Segment Start: Data extract
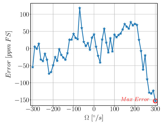 Measured velocity Error vs. Input Velocity. is Angular Velocity input from the rate table in °/s, Error is error between the actual gyroscope reading and the corresponding theoretical output from linear relation calculated in part per million linearized with respect to full scale range [ppm FS].
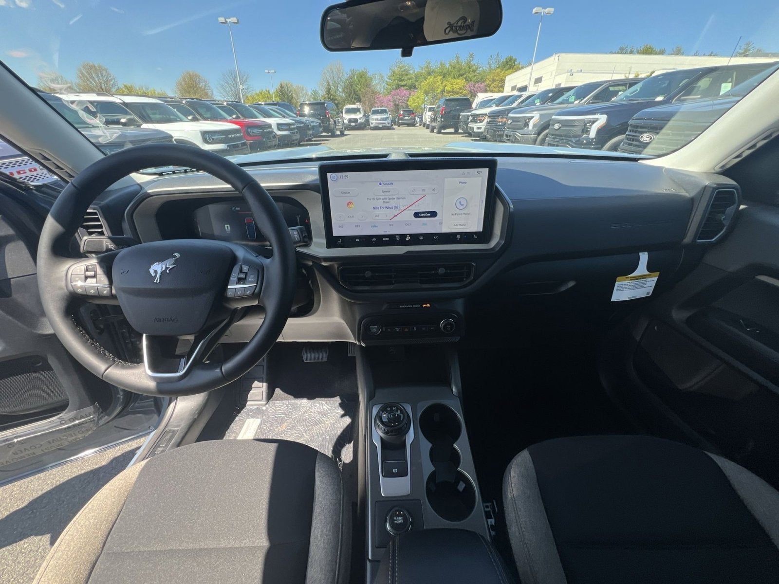 4-Wheel Disc Brakes, 6 Speakers, ABS brakes, Air Conditioning, Alloy wheels, AM/FM radio: SiriusXM with 360L, AM/FM Stereo, Apple CarPlay/Android Auto, Auto High-beam Headlights, Automatic temperature control, Brake assist, Cloth with Easy-to-Clean Front Bucket Seats, Compass, Delay-off headlights, Driver door bin, Driver vanity mirror, Dual front impact airbags, Dual front side impact airbags, Electronic Stability Control, Emergency communication system: SYNC 4 911 Assist, Exterior Parking Camera Rear, Ford Connectivity Package (1-Year Included), Four wheel independent suspension, Front anti-roll bar, Front Bucket Seats, Front Center Armrest, Front reading lights, Fully automatic headlights, Heated door mirrors, Illuminated entry, Internet access capable: 5G Modem - Ford Connectivity Package, Knee airbag, Low tire pressure warning, Occupant sensing airbag, Outside temperature display, Overhead airbag, Overhead console, Panic alarm, Passenger door bin, Passenger vanity mirror, Power door mirrors, Power steering, Power windows, Radio data system, Rear anti-roll bar, Rear Parking Sensors, Rear reading lights, Rear seat center armrest, Rear window defroster, Rear window wiper, Remote keyless entry, Security system, SiriusXM with 360L, Speed control, Speed-sensing steering, Speed-Sensitive Wipers, Split folding rear seat, Steering wheel mounted audio controls, SYNC 4 with Enhanced Voice Recognition, Tachometer, Telescoping steering wheel, Tilt steering wheel, Traction control, Trip computer, Variably intermittent wipers, Wheels: 17 Carbonized Gray Painted Aluminum.
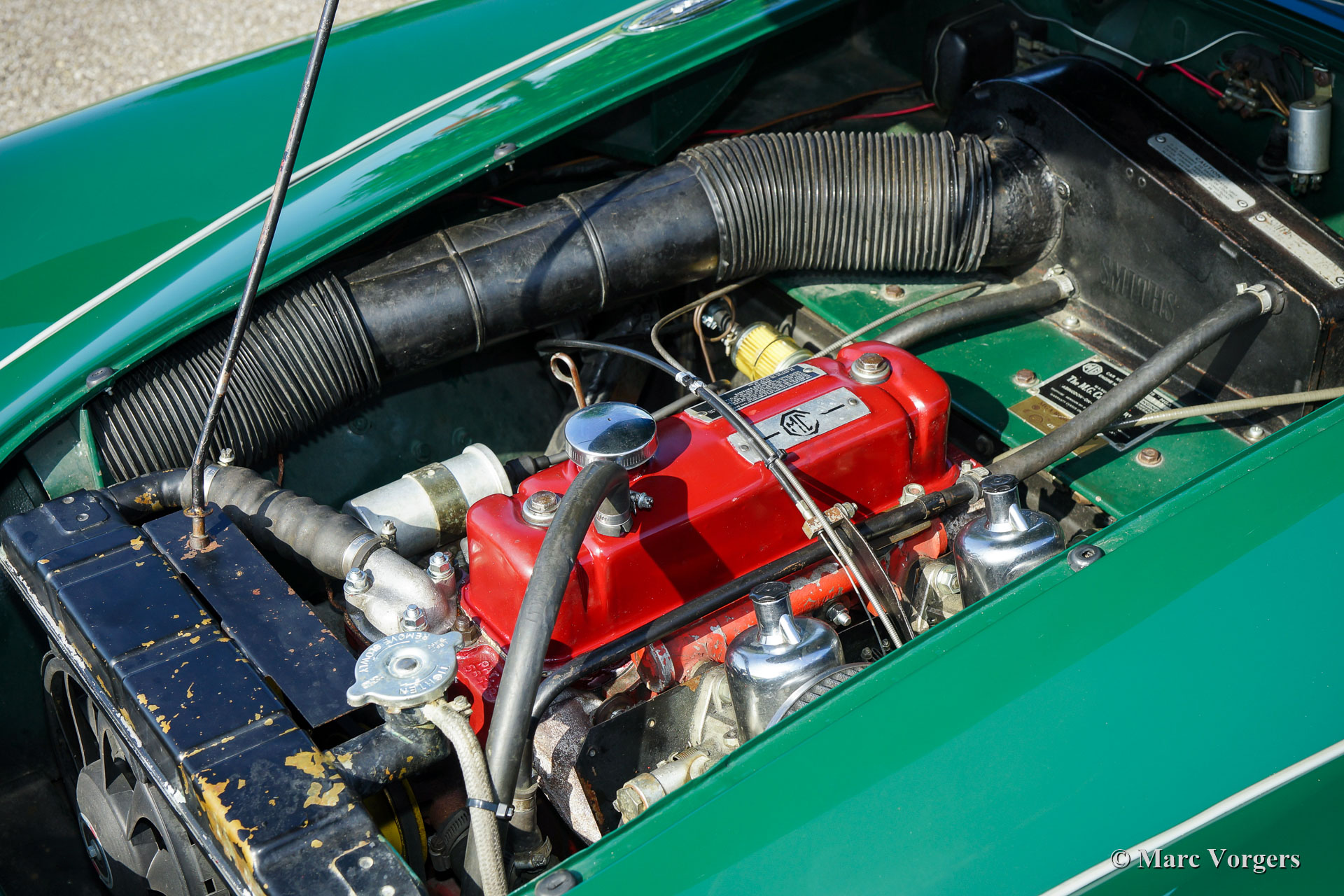 The year 1955 saw the introduction of the MGA. With this design the MG broke new grounds. After its predecessors MG TD and MG TF, which were largely based on the pre-war MG TB, it was a roadster with a very modern sporty design. Like its predecessors, the MGA was a great success and, like before, the greater part was sold in America. Until 1959, the MGA was equipped with a 1459 cc four-cylinder engine. From that year, the car was fitted with a 1588 cc four-cylinder. A 1622 cc four-cylinder engine replaced the 1588 cc. engine in 1961. The early MGA versions had very good drum brakes until 1959, but after that year, the MG A was equipped with disc brakes on the front wheels. The year 1962 saw the production of the MGA, the A 1600 Mk II. The MGB replaced this very popular British sports car, and was to develop the success of the MG A even further.
Segment End: Data extract
▶ _Your objective_
Retype each line above precisely, please. Skip anything that is a picture.

▶ _Answer section_
 Measured velocity Error vs. Input Velocity. is Angular Velocity input from the rate table in °/s, Error is error between the actual gyroscope reading and the corresponding theoretical output from linear relation calculated in part per million linearized with respect to full scale range [ppm FS].
 4-Wheel Disc Brakes, 6 Speakers, ABS brakes, Air Conditioning, Alloy wheels, AM/FM radio: SiriusXM with 360L, AM/FM Stereo, Apple CarPlay/Android Auto, Auto High-beam Headlights, Automatic temperature control, Brake assist, Cloth with Easy-to-Clean Front Bucket Seats, Compass, Delay-off headlights, Driver door bin, Driver vanity mirror, Dual front impact airbags, Dual front side impact airbags, Electronic Stability Control, Emergency communication system: SYNC 4 911 Assist, Exterior Parking Camera Rear, Ford Connectivity Package (1-Year Included), Four wheel independent suspension, Front anti-roll bar, Front Bucket Seats, Front Center Armrest, Front reading lights, Fully automatic headlights, Heated door mirrors, Illuminated entry, Internet access capable: 5G Modem - Ford Connectivity Package, Knee airbag, Low tire pressure warning, Occupant sensing airbag, Outside temperature display, Overhead airbag, Overhead console, Panic alarm, Passenger door bin, Passenger vanity mirror, Power door mirrors, Power steering, Power windows, Radio data system, Rear anti-roll bar, Rear Parking Sensors, Rear reading lights, Rear seat center armrest, Rear window defroster, Rear window wiper, Remote keyless entry, Security system, SiriusXM with 360L, Speed control, Speed-sensing steering, Speed-Sensitive Wipers, Split folding rear seat, Steering wheel mounted audio controls, SYNC 4 with Enhanced Voice Recognition, Tachometer, Telescoping steering wheel, Tilt steering wheel, Traction control, Trip computer, Variably intermittent wipers, Wheels: 17 Carbonized Gray Painted Aluminum.
 The year 1955 saw the introduction of the MGA. With this design the MG broke new grounds. After its predecessors MG TD and MG TF, which were largely based on the pre-war MG TB, it was a roadster with a very modern sporty design. Like its predecessors, the MGA was a great success and, like before, the greater part was sold in America. Until 1959, the MGA was equipped with a 1459 cc four-cylinder engine. From that year, the car was fitted with a 1588 cc four-cylinder. A 1622 cc four-cylinder engine replaced the 1588 cc. engine in 1961. The early MGA versions had very good drum brakes until 1959, but after that year, the MG A was equipped with disc brakes on the front wheels. The year 1962 saw the production of the MGA, the A 1600 Mk II. The MGB replaced this very popular British sports car, and was to develop the success of the MG A even further.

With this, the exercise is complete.